[Dataset entries]

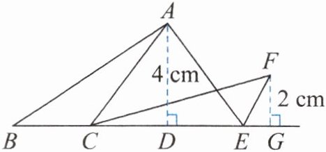 例 2 如下图,已知 $ AD = 4 \, cm $,$ FG = 2 \, cm $,$ CE = 6 \, cm $,$ BC = 3 \, cm $,求三角形 $ ABC $、三角形 $ ACE $ 与三角形 $ FCE $ 的面积,并说说你的发现。
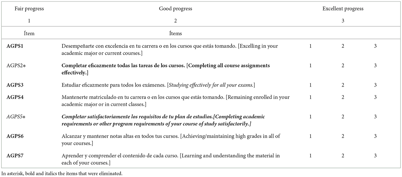 Conclusion: The five-item AGPS is a brief, reliable, and valid tool for measuring academic goal progress among Peruvian university students. Its strong psychometric properties and cultural adaptation make it suitable for research, educational policy design, and interventions aimed at enhancing academic engagement and reducing dropout rates.
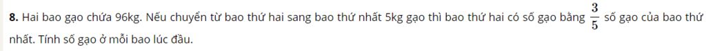 Đáp số `:` Bao thứ nhât `:55kg` và bao thứ hai `41kg`
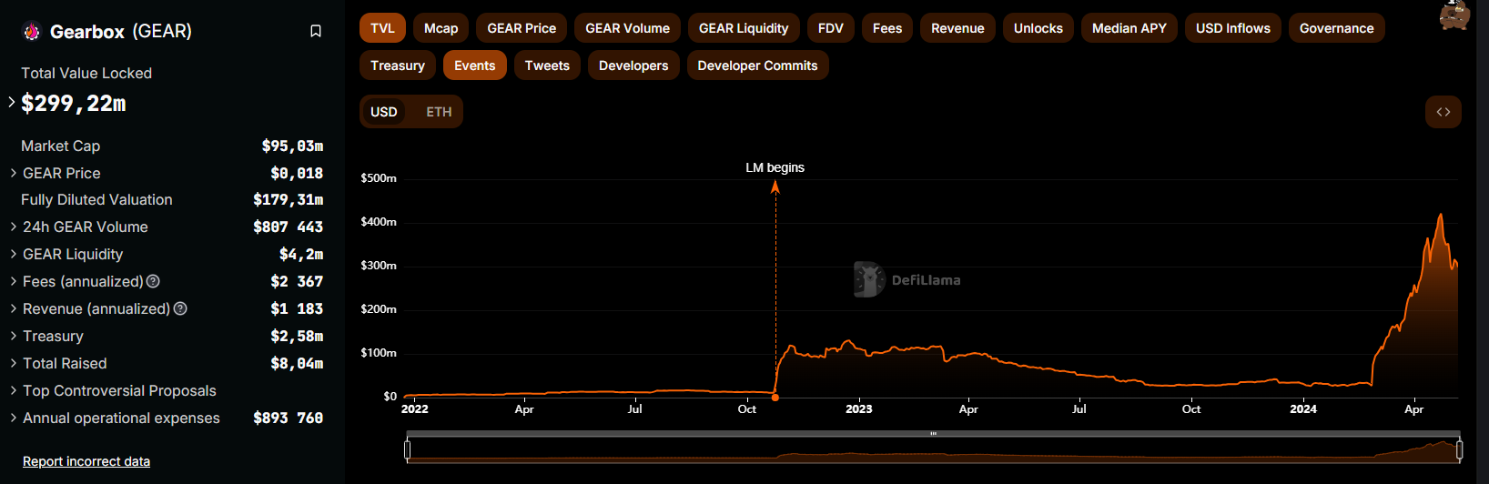 На момент написания объем заблокированных средств (TVL) в смарт-контрактах Gearbox демонстрирует рост, составляя более $299 млн:
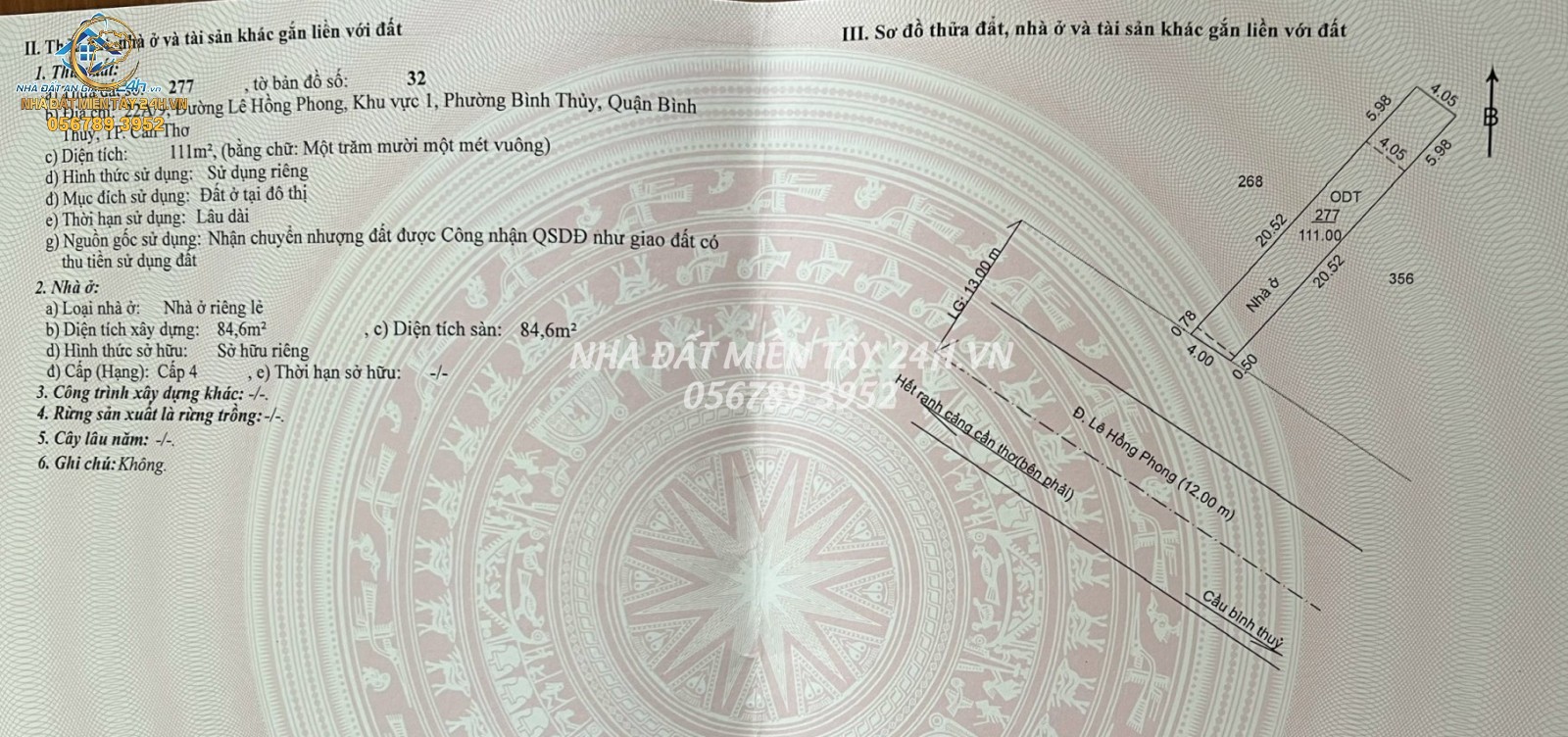 - Tên người bán: Nhà Đất Miền Tây 24h.vn

What to work on
All lines from the one containing "Conclusion: The five-item" through the end of the data are to be written out exactly, with nothing added; skip the pictures.

Response area
 Conclusion: The five-item AGPS is a brief, reliable, and valid tool for measuring academic goal progress among Peruvian university students. Its strong psychometric properties and cultural adaptation make it suitable for research, educational policy design, and interventions aimed at enhancing academic engagement and reducing dropout rates.
 Đáp số `:` Bao thứ nhât `:55kg` và bao thứ hai `41kg`
 На момент написания объем заблокированных средств (TVL) в смарт-контрактах Gearbox демонстрирует рост, составляя более $299 млн:
 - Tên người bán: Nhà Đất Miền Tây 24h.vn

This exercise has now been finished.